Я и сам подозревал, что дорога в аэропорт, на которой взорвали моего Тигренка, не вызовет у меня приятных ощущений, но делать было нечего.
Наутро, уже во дворе клиники, провожая меня на работу, Айка незаметно сунула мне в руку маленькую, тщательно сложенную бумажку. Я тут же опустил записку в карман, поняв, что девочка выполнила мою просьбу – написала ответ. Когда она успела это сделать, я понятия не имел. Скорее всего, ночью, хотя я готов был поклясться, что всю ночь она крепко проспала на своем диванчике в углу нашей комнаты.
В машине я прочитал записку. Она была довольно короткой и писалась, несомненно, в темноте: строчки слегка наезжали друг на друга, но читались вполне разборчиво. Круглыми девчоночьими буквами, с ужасными орфографическими ошибками, Айка сообщала мне по-французски: «Па, я все поняла, за меня не волнуйся, за Тэнни тоже, я теперь буду настороже. Вот только не знаю, что тебе посоветовать. Наверное, ты правильно решил: сначала привези доктора Рубинцева, а там будет видно, и я еще подумаю. Тэнни пока ничего не рассказывай, ей это будет тяжело. Белка».
Мысленно я поблагодарил мою разумную девочку за так четко и быстро выполненное поручение и снова спрятал записку в карман.
В своем кабинете я, прежде всего, сжег Айкино послание в пепельнице, подождал, пока кондиционер с освежителем воздуха тщательно проветрит помещение, и только после этого приступил к текущим делам. Ближе к обеду Симонис доложил, что для встречи доктора Рубинцева все готово. Что ж, события шли по плану. Самолет Рубинцева приземлялся в девять часов вечера, времени было еще много, и я решил пока не думать ни о чем скверном, хотя предчувствия донимали меня немилосердно. Конечно, не надо было обладать интуицией Тигренка, чтобы ожидать от приезда Олега Всеволодовича всевозможных сюрпризов, но если б я знал, что ожидает меня в этот вечер на самом деле!
Когда стемнело, мы отправились встречать долгожданного гостя. План Симониса был достаточно прост и, в то же время, вполне надежен. Возможно, поразмыслив, я и сам бы додумался до такого, если бы в данных вопросах не доверял полковнику больше, чем себе.

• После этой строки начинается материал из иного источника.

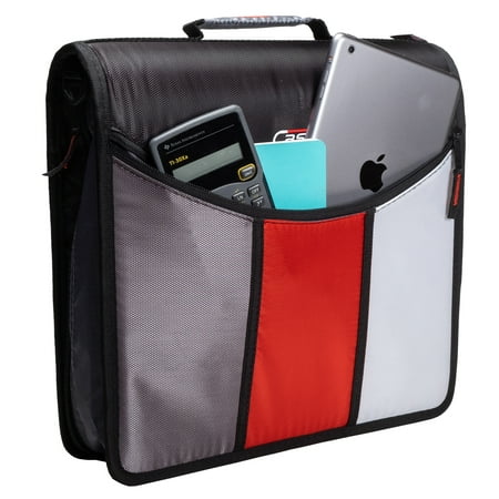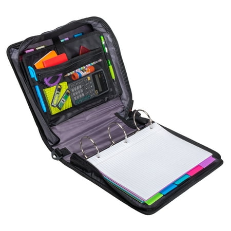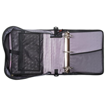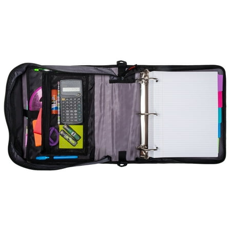 Keep yourself organized and your papers protected in the Case•it Binder. The D-156-B has a standard ring size of 3 inches that holds up to 600 sheets. With that much room, keeping up with all of your classes is a breeze For even more organization this binder comes with an expanding file folder that helps you separate 5 subjects easily. Access your files easily when the binder is closed with the patented U-shaped opening on the gusset. With no shortage of interior and exterior zippered pockets, you can keep more items contained in one place. The exterior zipper pocket is great for storing a couple of pencils or pens for quick access. Keep your schoolwork from falling out or getting damaged with our durable zippered gussets. The zippers are self-correcting too Just slide them all the way back down the gusset and they will fix themselves. Conveniently the gusset is made with a ripstop material that keeps tears from spreading. Take your classroom with you with the handle and shoulder strap that comes included. Assembled product Height 12.99 inches x Assembled Product Width 13.11inches x Assembled Product Length 3.74 inches Case•it 3-inch O-ring has a capacity of up to 600 sheets Assembled product Height 12.99" H x Assembled Product Width 13.11" W x Assembled Product Length 3.74" L Organize up to five subjects with the expanding file folders on the interior The U-shaped zippered opening allows you to access your files right from the gusset without having to open the entire binder A unique angled zipper keeps the gusset out of the way while writing. Included is a handle and shoulder strap for convenient carrying Pockets galore for additional storage

Мы выехали на двух машинах. Первая – обычное такси. В нем находились двое людей Симониса: один – водитель, второй – сопровождающий. Другая машина была микроавтобусом с тонированными стеклами. В ней расположились мы с Рогнедом и еще трое спецназовцев. Такси мы должны были пропустить вперед, а сами остановиться у бензоколонки на дороге в аэропорт и там ждать. Первые двое спецназовцев в штатском встречали Рубинцева, сажали его в такси и везли до бензоколонки, при которой была небольшая закусочная. У этой закусочной они высаживали доктора, тот входил, выпивал чашку кофе, затем шофер нашего микроавтобуса, под предлогом дешево довезти до центра, забирал его, сажал к нам, и мы ехали на одну из наших конспиративных дач, где Рубинцев мог бы в первое время по приезде отдохнуть и обсудить с нами привезенные новости. План действительно был не плох. Единственное, что смущало, так это то, что доктор не был посвящен во все его детали, и я даже немного опасался, что старик, увидев незнакомцев в штатском, еще, чего доброго, подумает, что его похищают. Но полковник заверил меня, что его люди – народ, обученный лично Тэнни, и умеют вести себя отменно вежливо, а кроме того, они могут предъявить Рубинцеву мою официальную электронную визитку, чтобы подтвердить свои полномочия. На том и порешили, хотя сомнения у меня все-таки оставались.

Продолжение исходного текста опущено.